§ Task to carry out:
Write out nothing but the lines from the first line of the entries below through the line with "Minnesota Vikings NFL"; no pictures go in.

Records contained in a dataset
>>>

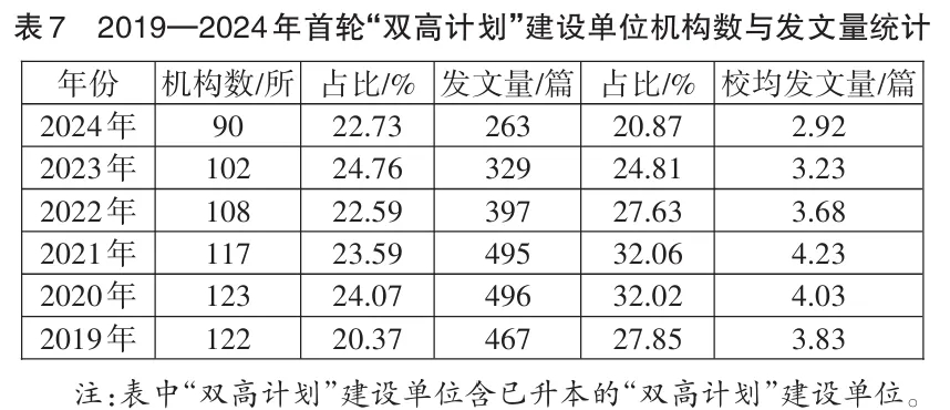 3.“双高计划”建设单位发文情况对比。从职教科研论文的贡献度来看,首轮“双高计划”建设单位总体上发挥了其引领示范作用。如表7所示,2019—2024年发文的首轮“双高计划”建设单位占当年高校发文机构总数的比例、发文量占当年高校发文总量的比例总体上呈现出先上升后下降的趋势,建设的前期上升明显,后期出现下降。校均发文量也呈现出同样的变化趋势。
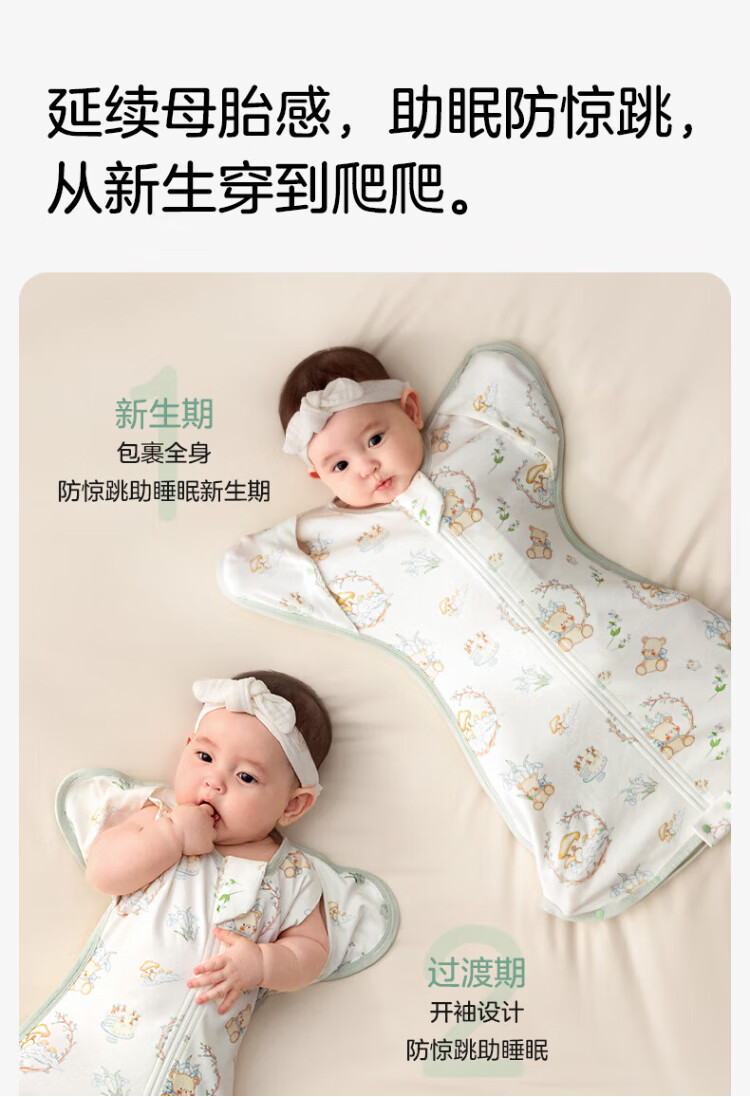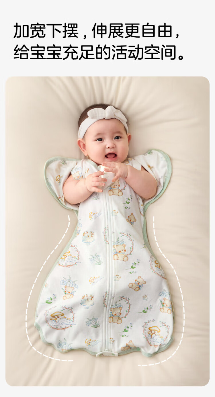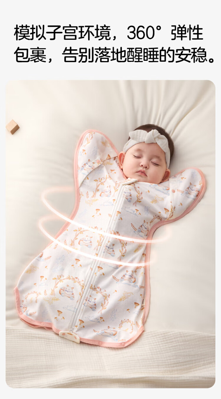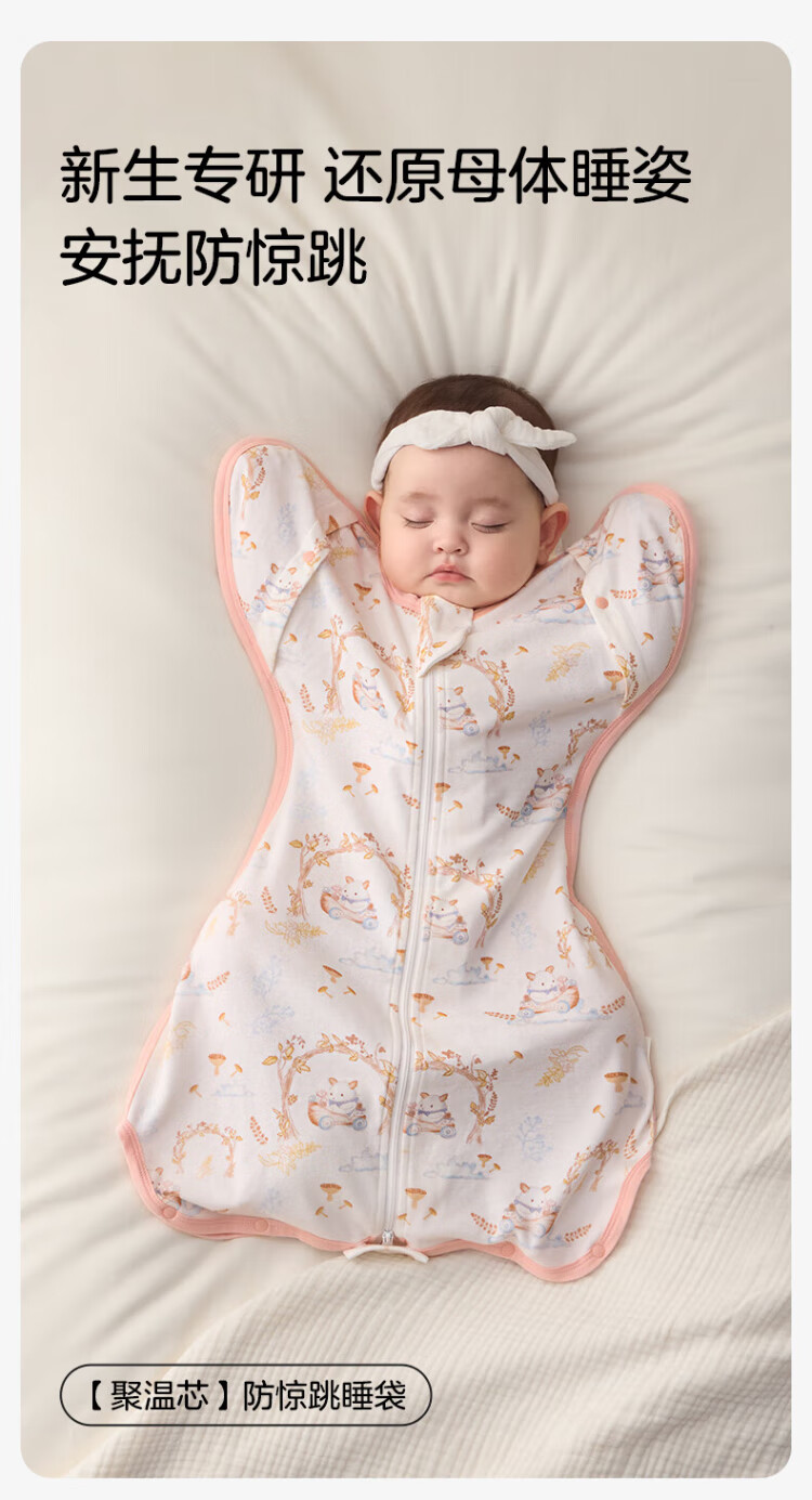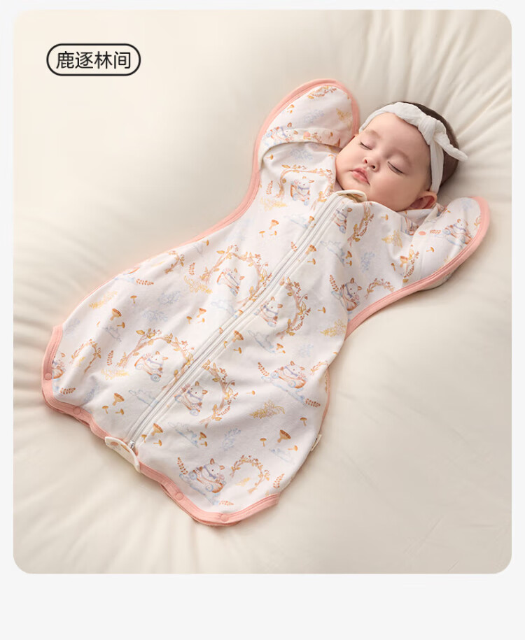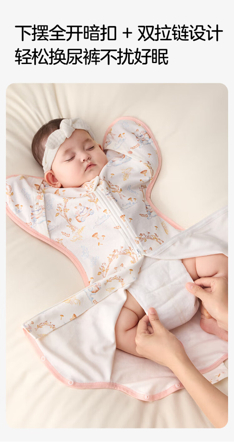 October crystal baby anti-fright sleeping bag newborn surrender type pure cotton swaddle for small months old anti-frightening artifact Whale Lan Yunmeng M size recommended weight 8-15 Jin Jin equals 0.5 kg
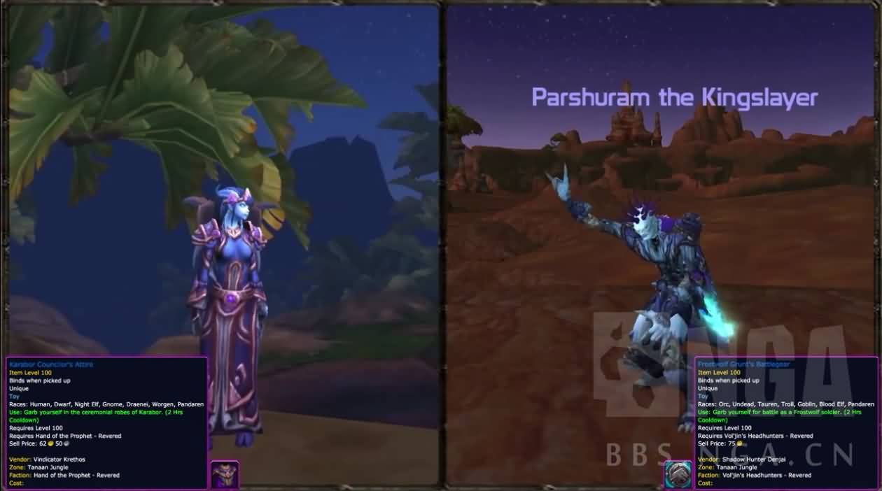 15.>联盟:[卡拉波议员礼服]部落:[霜狼蛮兵战甲]
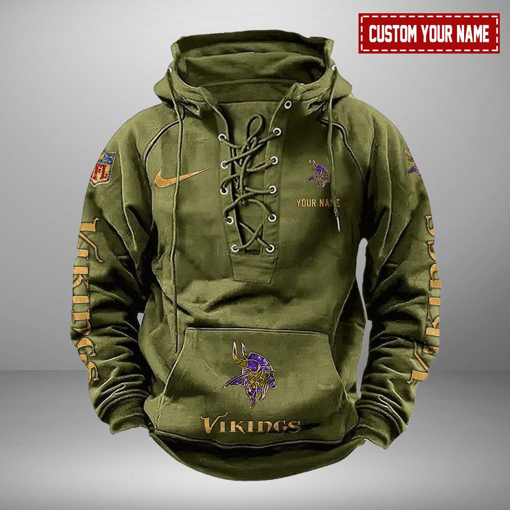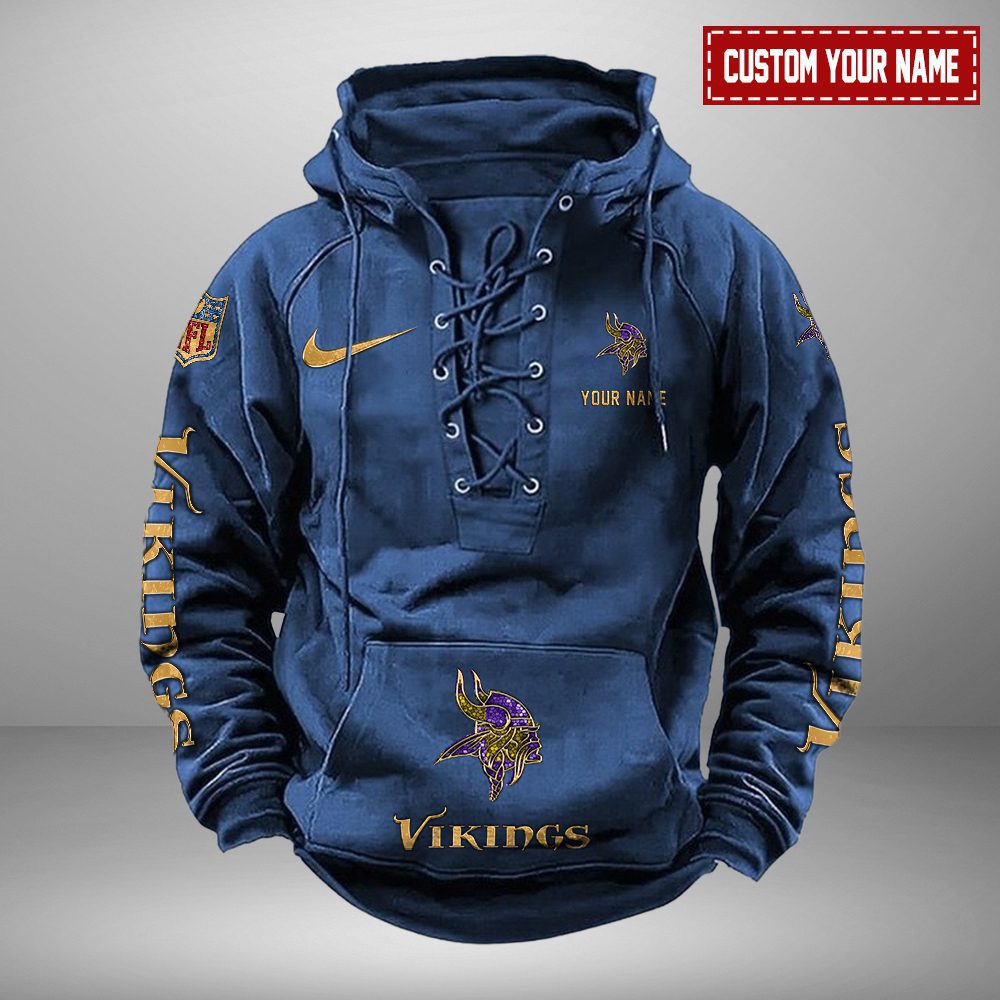Minnesota Vikings NFL Retro Lace Up Hoodie Personalized Mens Throwback
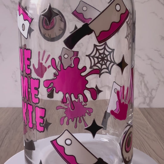 reusable iced coffee cup | libbey glass cup | UV DTF true crime cup | iced coffee glass for murder podcast lovers | spooky cute tumbler | halloween coffee cup | creepy aesthetic glass cup | blood and knife design cup | true crime themed drinkware | high-quality uv-dtf print
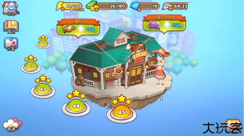 4、完成关卡任务获得奖励,可用于解锁新餐厅、食谱、升级厨具和装修餐厅。
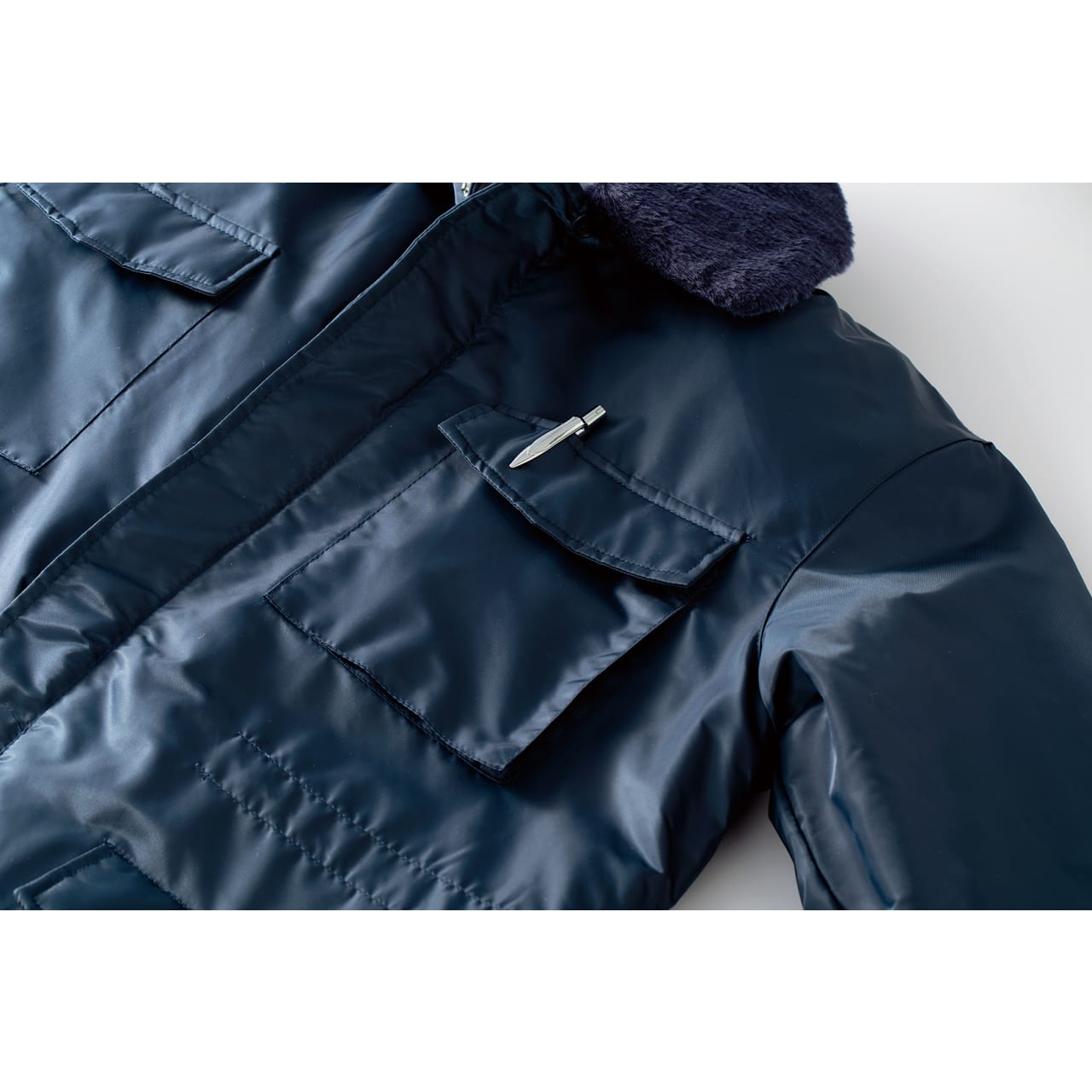 | □収納式フード □着脱式衿ボア □左胸ペン差し □左袖ペン差し |
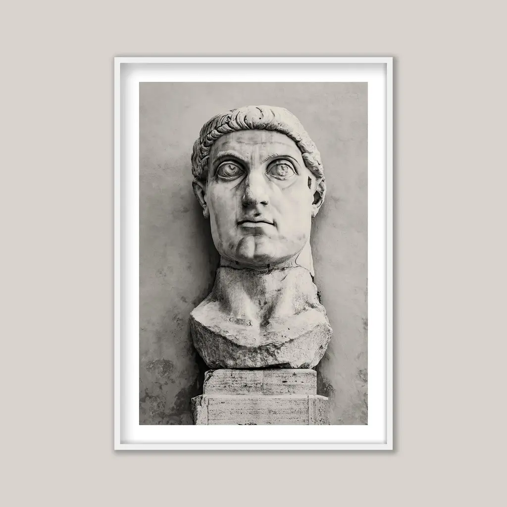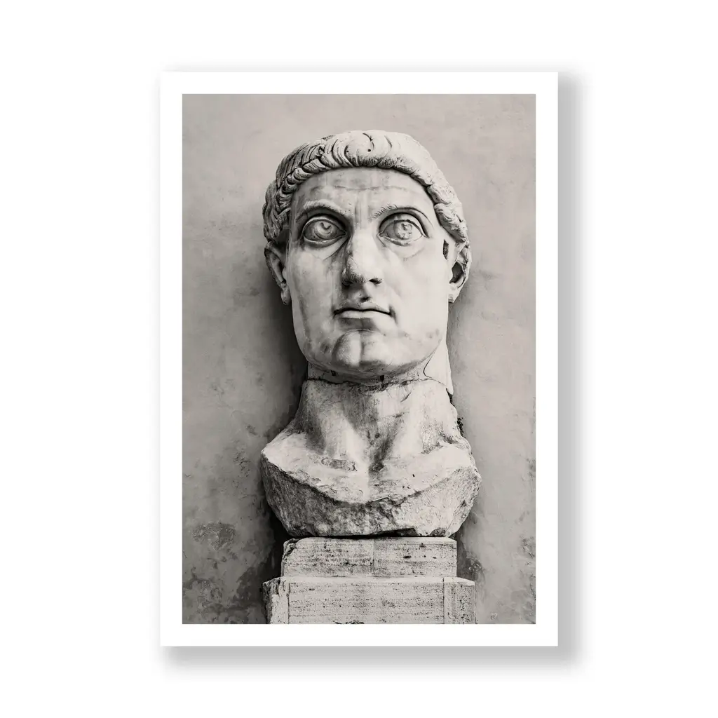 The striking, oversized sculpted head of Roman Emperor Constantine the Great radiates both power and elegance. Resting in the courtyard of the Capitoline Museum in Rome, this awe-inspiring masterpiece stands as a timeless testament to his monumental legacy. 19 3/4" x 27 1/2" - 50cm x 70cm (Includes border). Limited Edition of 25 - Signed. Signed by Maker

<<<

§ Result:
 3.“双高计划”建设单位发文情况对比。从职教科研论文的贡献度来看,首轮“双高计划”建设单位总体上发挥了其引领示范作用。如表7所示,2019—2024年发文的首轮“双高计划”建设单位占当年高校发文机构总数的比例、发文量占当年高校发文总量的比例总体上呈现出先上升后下降的趋势,建设的前期上升明显,后期出现下降。校均发文量也呈现出同样的变化趋势。
 October crystal baby anti-fright sleeping bag newborn surrender type pure cotton swaddle for small months old anti-frightening artifact Whale Lan Yunmeng M size recommended weight 8-15 Jin Jin equals 0.5 kg
 15.>联盟:[卡拉波议员礼服]部落:[霜狼蛮兵战甲]
Minnesota Vikings NFL Retro Lace Up Hoodie Personalized Mens Throwback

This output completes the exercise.